Lot na Marsa już za dekadę
Znany najbardziej z zaawansowanych projektów wojskowych koncern Lockheed Martin, który w ub. roku dołączył do sporej już gromadki projektantów misji marsjańskich, zaprezentował nową wersję swojej koncepcji eksploracji Czerwonej Planety. Zakłada ona umieszczenie na jej orbicie stacji Mars Base Camp (zbudowanej z dala od ziemskiej grawitacji), która spełniłaby kluczową funkcję przy działaniach na powierzchni Marsa lub nawet w ramach jej kolonizacji.

Najważniejszym nowym elementem pomysłu miałoby być dołączenie do stacji jednostopniowego lądownika wielokrotnego użytku, który mógłby zabierać astronautów na powierzchnię Czerwonej Planety. Cała stacja kosmiczna miałaby cztery główne sekcje, panele słoneczne, dwa kriogeniczne stopnie napędowe i dwa moduły mieszkalne dla astronautów. Jako paliwo wykorzystywano by ciekły wodór i ciekły tlen, który mógłby być pozyskiwany z lodu na Marsie lub jego księżyców.

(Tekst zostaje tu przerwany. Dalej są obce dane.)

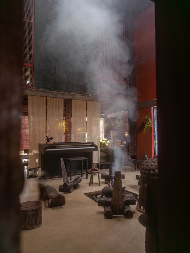 Lửa (Bếp) giống như trục của vũ trụ trong văn hóa phương Đông, nơi mọi hoạt động trong nhà đều xoay quanh “ngọn lửa” trung tâm. Lò sưởi ở giữa, vừa thiêng liêng vừa gần gũi, đâu đó thoang thoảng mùi củi, ấm áp, rộn ràng tiếng cười trẻ thơ…, đưa tâm hồn theo làn khói trở về với những kỷ niệm ngọt ngào của tuổi thơ, nơi ngọn lửa được gìn giữ từ đời này sang đời khác, nơi năng lượng dương (Dương) đánh thức mọi giác quan.
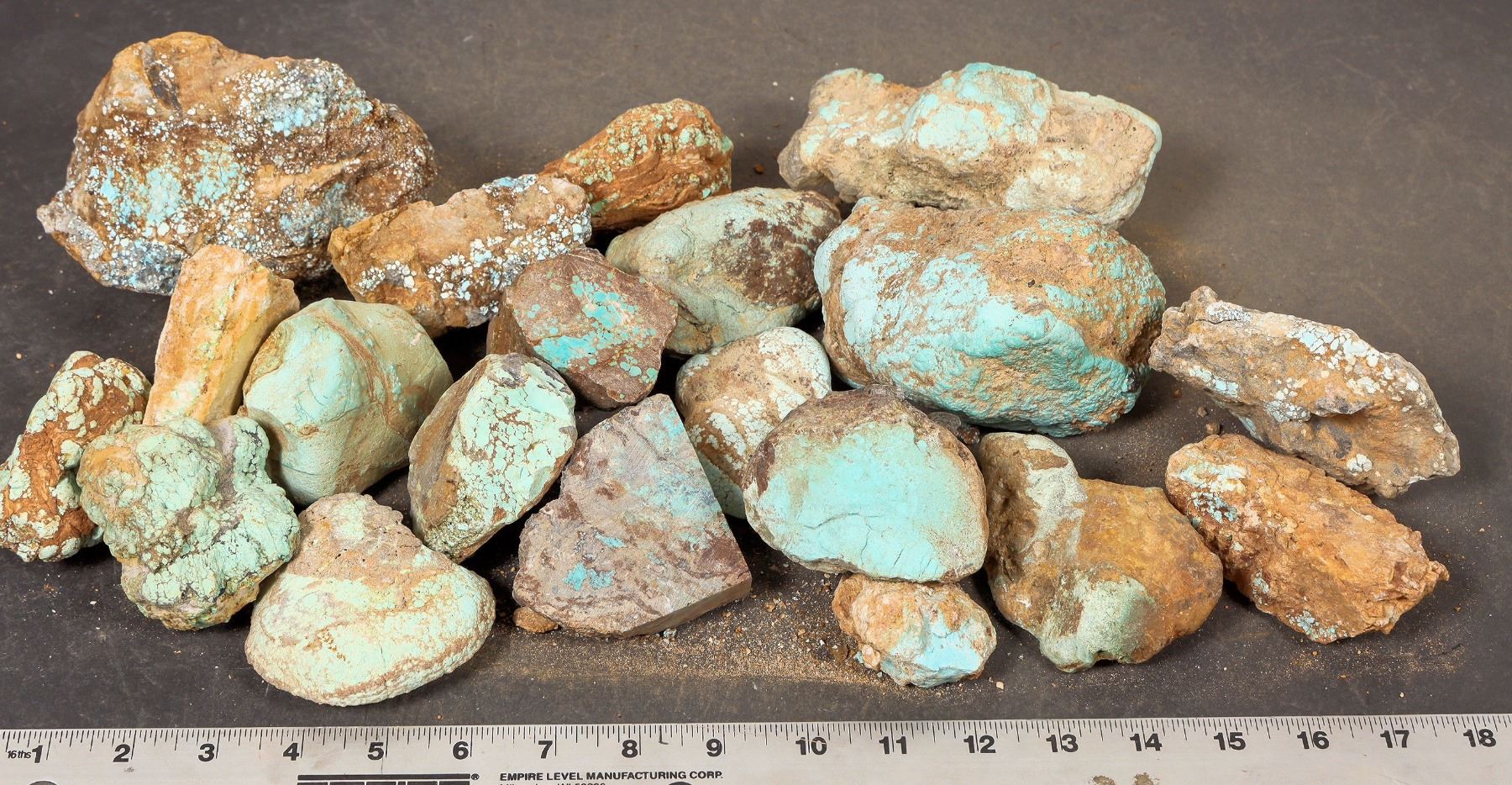 Rough turquoise - large, oxidized nuggets, green-blue color. Untreated. Approximate weight 12.2 pounds. Pieces range from around 2.25" to 5.5" in length, largest piece in lot measures approx. 5.5" x 4.5" x 3.5" at widest points. These are unique specimens that could make some beautiful display pieces; see photos. This turquoise originates from the No. 8 turquoise mine of Cortez, Nevada, often considered one of the top turquoise mines in the world. It was previously in storage for 35 years.

Przedstawiciele Lockheed Martin wierzą, że ich plan uda się zrealizować zaledwie w ciągu dekady. W efekcie astronauci wykonaliby za pomocą Mars Base Camp misję tam i z powrotem trwającą ok. tysiąc dni. Projekt firmy jest w pewnych aspektach podobny do planów NASA (zakłada np. umieszczenie w pobliżu Księżyca bazy stanowiącej przystanek na drodze w stronę Marsa), jednak nie wiadomo, czy agencja będzie korzystać z rozwiązań Lockheed Martina.